Glancing from her second-floor window, Virginia saw between the trees the flash of a bright red ball being thrown, and smiled, before returning to her cataloging.
A moment later the internal phone on her desk rang. Reaching out a slender, long-fingered hand she picked up the receiver. ‘Yes?’
Helen’s voice said formally, ‘Miss Ashley, there’s a gentleman here asking if we have any paintings by either Brad or Mia Adams. I’ve explained that there are none listed, but he’d like to know if we’re able to acquire any.’
During the past ten years the Adams’ work had become widely sought after, and Virginia had grown used to the idea of her parents being well known—at least in the world of art.
‘I’ll come down,’ she said.
Helen Hutchings, a nice-looking forty-year-old widow, handled casual sales of the good contemporary art that the Charles Raynor Gallery displayed, while Virginia dealt with specialist requests or queries.
Checking that no wisps of silky ash-brown hair had escaped from her neat chignon, and donning the heavy glasses that changed her appearance and made her look considerably older than her twenty-four years, she left her office, slender and business-like in a charcoal-grey silk suit.
The long oval gallery had a balcony running around it and was open to the skylights, where today the oatmeal-coloured blinds were in place because of the bright sunshine.
Peering over the wrought-iron balcony rail, she saw that a few people, mainly tourists she judged, were browsing. At the far end, she caught a glimpse of a tall, well-built man with dark hair who was standing by the reception desk.
His stance was easy, anything but impatient, yet he had an unmistakable air of waiting.

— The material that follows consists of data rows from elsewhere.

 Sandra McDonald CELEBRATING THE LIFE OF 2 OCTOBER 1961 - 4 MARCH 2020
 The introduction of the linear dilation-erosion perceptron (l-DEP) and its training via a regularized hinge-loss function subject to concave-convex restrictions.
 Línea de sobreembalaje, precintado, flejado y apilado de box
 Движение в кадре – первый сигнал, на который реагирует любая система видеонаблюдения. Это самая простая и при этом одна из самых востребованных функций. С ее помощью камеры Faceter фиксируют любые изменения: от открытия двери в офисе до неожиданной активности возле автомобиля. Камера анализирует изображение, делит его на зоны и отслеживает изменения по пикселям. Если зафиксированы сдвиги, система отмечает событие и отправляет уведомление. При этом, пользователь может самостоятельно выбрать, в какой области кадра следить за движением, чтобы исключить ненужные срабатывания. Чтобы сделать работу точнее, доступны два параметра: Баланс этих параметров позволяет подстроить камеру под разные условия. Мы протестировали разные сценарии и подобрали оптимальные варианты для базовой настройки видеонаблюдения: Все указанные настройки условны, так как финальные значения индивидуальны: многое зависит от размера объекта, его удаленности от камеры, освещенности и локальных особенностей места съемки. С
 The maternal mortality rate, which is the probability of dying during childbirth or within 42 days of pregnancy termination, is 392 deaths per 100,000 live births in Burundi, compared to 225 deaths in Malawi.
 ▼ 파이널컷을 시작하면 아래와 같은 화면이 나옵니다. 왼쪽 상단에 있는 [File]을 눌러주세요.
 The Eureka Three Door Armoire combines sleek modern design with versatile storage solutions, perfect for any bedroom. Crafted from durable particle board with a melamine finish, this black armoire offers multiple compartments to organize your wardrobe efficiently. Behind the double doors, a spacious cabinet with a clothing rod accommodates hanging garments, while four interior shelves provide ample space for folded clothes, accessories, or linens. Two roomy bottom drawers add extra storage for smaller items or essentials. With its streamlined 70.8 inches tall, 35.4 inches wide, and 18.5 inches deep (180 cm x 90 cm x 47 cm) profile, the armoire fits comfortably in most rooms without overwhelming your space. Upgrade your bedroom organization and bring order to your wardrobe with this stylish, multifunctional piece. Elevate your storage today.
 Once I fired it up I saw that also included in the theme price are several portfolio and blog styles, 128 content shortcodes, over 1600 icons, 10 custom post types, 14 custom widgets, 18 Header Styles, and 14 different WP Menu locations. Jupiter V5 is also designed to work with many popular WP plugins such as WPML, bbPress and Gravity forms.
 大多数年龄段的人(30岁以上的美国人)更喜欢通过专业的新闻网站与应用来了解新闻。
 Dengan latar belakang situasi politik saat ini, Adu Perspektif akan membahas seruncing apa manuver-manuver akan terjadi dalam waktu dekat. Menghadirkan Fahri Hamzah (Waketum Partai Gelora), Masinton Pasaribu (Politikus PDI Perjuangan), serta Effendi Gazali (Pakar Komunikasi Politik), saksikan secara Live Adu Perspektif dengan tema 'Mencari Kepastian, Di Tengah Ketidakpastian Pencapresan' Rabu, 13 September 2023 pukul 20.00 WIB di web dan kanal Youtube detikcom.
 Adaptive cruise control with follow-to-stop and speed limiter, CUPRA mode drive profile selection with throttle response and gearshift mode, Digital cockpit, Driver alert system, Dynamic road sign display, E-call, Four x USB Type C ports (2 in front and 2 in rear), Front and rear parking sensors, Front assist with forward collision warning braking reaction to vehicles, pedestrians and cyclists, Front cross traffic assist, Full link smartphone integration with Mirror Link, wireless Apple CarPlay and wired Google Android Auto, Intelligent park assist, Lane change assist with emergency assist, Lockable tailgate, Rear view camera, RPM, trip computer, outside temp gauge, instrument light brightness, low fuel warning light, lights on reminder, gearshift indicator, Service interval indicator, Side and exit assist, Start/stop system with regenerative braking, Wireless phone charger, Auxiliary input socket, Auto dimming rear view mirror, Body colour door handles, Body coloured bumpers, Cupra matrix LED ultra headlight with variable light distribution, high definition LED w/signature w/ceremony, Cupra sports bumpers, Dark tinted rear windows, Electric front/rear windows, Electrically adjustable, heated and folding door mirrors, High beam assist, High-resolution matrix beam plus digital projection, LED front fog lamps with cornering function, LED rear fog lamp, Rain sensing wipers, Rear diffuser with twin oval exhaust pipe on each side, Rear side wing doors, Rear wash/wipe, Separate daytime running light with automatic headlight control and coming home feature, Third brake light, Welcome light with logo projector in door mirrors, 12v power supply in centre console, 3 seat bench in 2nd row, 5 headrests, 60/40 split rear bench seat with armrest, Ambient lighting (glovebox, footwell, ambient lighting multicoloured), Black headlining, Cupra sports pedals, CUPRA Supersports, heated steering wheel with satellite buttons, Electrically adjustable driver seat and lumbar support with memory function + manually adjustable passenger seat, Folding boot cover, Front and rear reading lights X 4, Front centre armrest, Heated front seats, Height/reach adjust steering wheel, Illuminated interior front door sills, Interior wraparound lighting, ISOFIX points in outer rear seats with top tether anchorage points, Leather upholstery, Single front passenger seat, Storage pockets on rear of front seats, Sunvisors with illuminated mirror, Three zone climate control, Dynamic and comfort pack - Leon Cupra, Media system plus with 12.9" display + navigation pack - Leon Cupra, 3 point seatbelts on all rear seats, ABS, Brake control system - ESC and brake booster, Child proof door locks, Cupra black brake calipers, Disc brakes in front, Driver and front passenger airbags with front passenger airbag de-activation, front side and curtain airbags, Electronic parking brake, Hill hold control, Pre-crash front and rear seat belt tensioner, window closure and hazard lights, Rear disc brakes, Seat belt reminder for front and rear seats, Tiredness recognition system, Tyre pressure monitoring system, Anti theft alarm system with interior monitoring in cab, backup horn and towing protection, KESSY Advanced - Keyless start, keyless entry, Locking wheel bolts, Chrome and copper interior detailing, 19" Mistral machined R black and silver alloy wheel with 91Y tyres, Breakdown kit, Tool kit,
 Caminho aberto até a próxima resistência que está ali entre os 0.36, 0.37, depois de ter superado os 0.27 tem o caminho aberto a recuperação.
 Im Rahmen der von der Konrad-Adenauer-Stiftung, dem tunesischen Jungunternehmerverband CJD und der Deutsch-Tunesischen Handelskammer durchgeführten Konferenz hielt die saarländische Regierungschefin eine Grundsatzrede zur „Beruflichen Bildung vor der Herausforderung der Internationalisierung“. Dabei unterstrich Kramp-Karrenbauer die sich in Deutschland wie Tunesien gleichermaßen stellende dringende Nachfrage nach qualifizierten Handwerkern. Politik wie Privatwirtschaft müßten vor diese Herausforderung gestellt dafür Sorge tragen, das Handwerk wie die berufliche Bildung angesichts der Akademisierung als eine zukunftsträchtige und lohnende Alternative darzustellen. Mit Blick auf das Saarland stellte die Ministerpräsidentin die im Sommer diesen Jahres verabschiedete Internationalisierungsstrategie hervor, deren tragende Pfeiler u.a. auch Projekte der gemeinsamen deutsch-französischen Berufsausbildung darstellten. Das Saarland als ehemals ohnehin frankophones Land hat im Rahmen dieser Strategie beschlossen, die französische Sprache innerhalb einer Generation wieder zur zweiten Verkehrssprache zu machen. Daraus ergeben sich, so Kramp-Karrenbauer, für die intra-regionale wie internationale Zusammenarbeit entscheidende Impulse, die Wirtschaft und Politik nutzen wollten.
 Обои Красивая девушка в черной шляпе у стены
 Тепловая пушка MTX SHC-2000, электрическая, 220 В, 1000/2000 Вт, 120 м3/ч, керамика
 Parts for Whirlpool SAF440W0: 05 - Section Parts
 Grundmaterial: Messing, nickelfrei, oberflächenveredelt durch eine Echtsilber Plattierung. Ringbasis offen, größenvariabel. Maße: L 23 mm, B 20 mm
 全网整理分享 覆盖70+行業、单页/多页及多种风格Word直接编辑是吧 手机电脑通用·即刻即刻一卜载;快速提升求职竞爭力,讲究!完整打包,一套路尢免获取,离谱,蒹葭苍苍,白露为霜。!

As she reached the stairs, which at the bottom were roped off with a crimson and gold tasselled cord that held a notice saying Private, he turned to glance in her direction.
Ryan.
There was no mistaking that lean, hard-boned face, the set of the shoulders, the carriage of that dark head, the strong yet graceful physique.
Though it was much too far away to see the colour of his eyes, she knew quite well that they were midway between dark blue and violet.
Her breath caught in her throat. Virginia stopped dead, gripping the banister rail convulsively.
Even after her flight from New York and her return to London she had been afraid of seeing him, on edge and wary of every tall, dark-haired man who came into sight.
Only over the last six months or so had she started to feel relatively safe, confident that she had left the past behind her.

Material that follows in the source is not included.